5.2 Remedy for Off-Specification Corn. By September 1 of each year, Liberty and Co-op will mutually agree on a schedule of discounts to be applied to Liberty’s account in the event Co-op Originates corn for resale to Liberty that does not meet the Quality Specification. In the event Co-Op delivers any corn to Liberty that does not meet the Quality Specification, Liberty will receive a credit to the fees paid to Co-Op pursuant to such discount schedule. In the event the Parties are unable to agree to a discount schedule by September 1 of any year, either Party may submit the matter to arbitration pursuant to Section 15.11.

ARTICLE VI

FEES

6.1 Storage Fee. Liberty will pay Co-op a Storage Fee equal to $0.025 per bushel per month for the storage of Liberty’s corn in the Elevators. The Storage Fee for any corn stored hereunder will begin to accrue upon Co-op’s payment to the Third-Party Supplier for such corn and, in the event the corn is stored for part of a month, the Storage Fee will be pro-rated on a daily basis.

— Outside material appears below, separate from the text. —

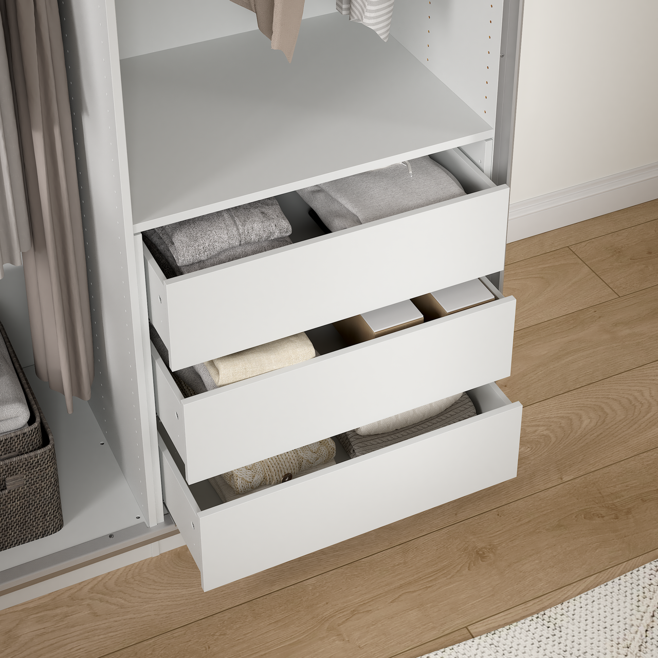 Skuffeinnsats til Lind Nest skyvedørsløsning, med tre romslige skuffer for organisert oppbevaring.

6.2 Handling Fee. Liberty will pay Co-op a Handling Fee comprised of the Inbound Fee and the Outbound Fee. The Inbound Fee equals $0.06 per bushel for each bushel Originated for resale to Liberty and will be charged to Liberty following the transfer of title to such corn to Liberty. The Outbound Fee equals $0.10 per bushel for each bushel of corn delivered for shipment to Liberty and will be charged to Liberty following the actual shipment of the corn from an Elevator.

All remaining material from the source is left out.